**EXERCISE**
Verbatim output of the lines below is required, with the images omitted.

**SUPPLIED DATA**
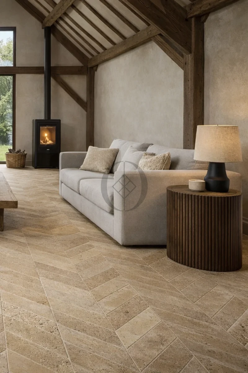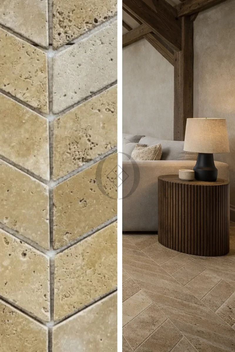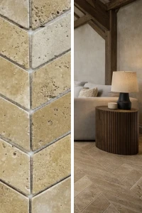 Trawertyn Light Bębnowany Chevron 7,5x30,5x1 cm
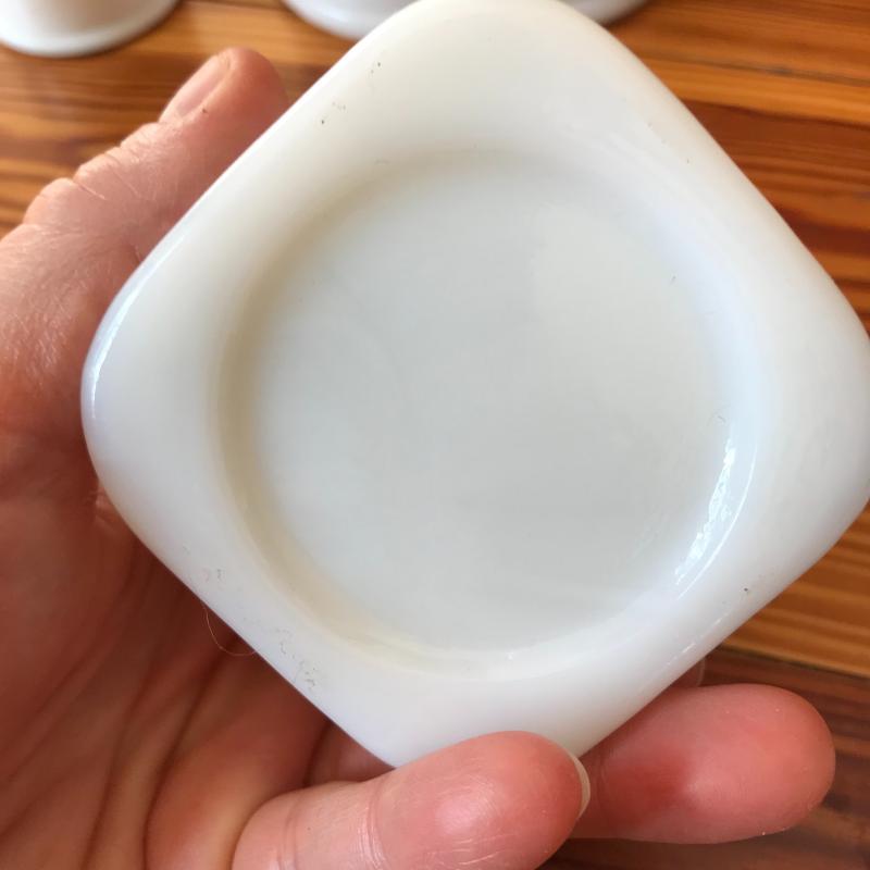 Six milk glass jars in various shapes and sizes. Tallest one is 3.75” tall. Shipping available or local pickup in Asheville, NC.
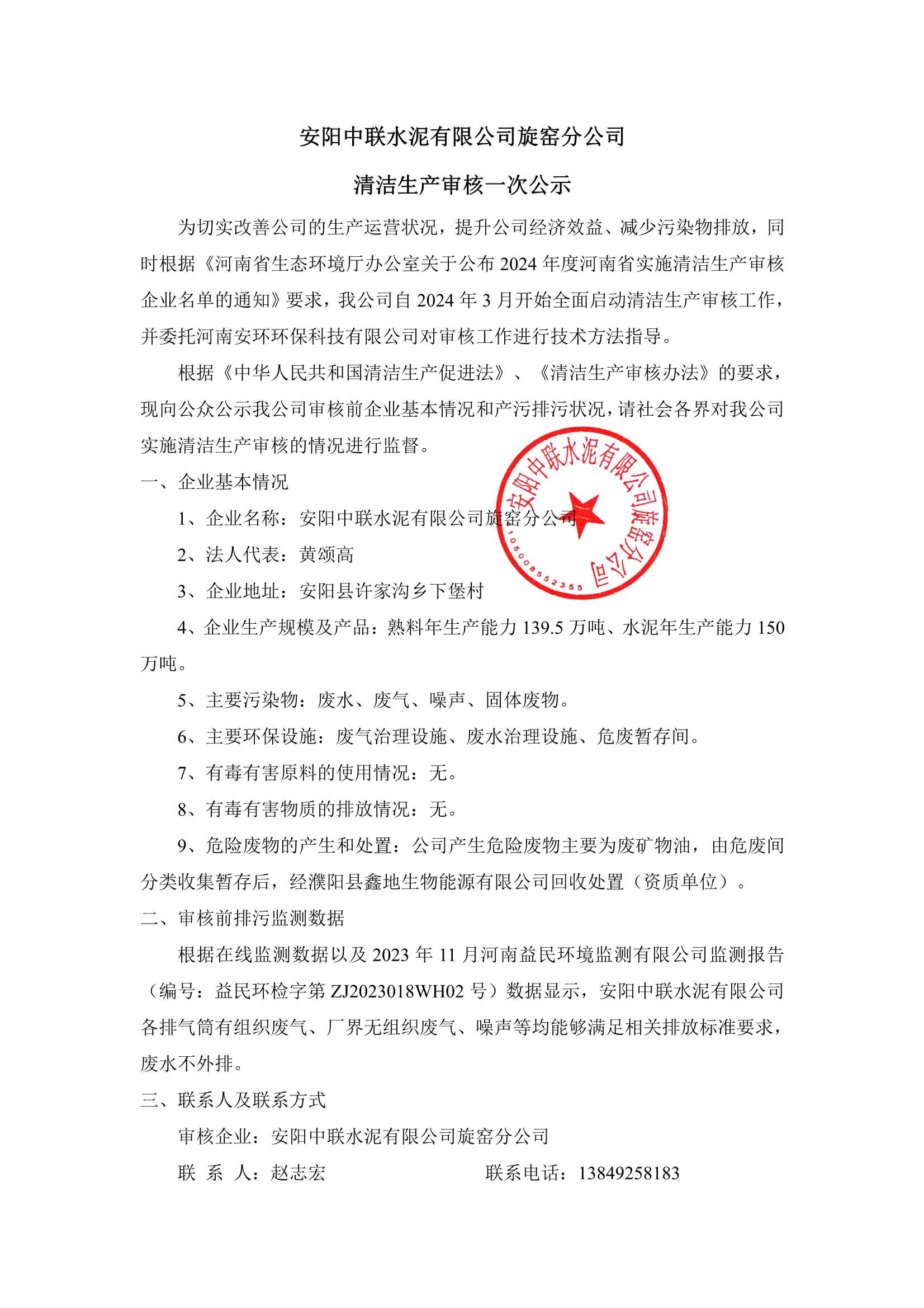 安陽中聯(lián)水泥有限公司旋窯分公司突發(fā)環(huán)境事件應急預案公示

**SOLUTION FOR THIS EXERCISE**
 Trawertyn Light Bębnowany Chevron 7,5x30,5x1 cm
 Six milk glass jars in various shapes and sizes. Tallest one is 3.75” tall. Shipping available or local pickup in Asheville, NC.
 安陽中聯(lián)水泥有限公司旋窯分公司突發(fā)環(huán)境事件應急預案公示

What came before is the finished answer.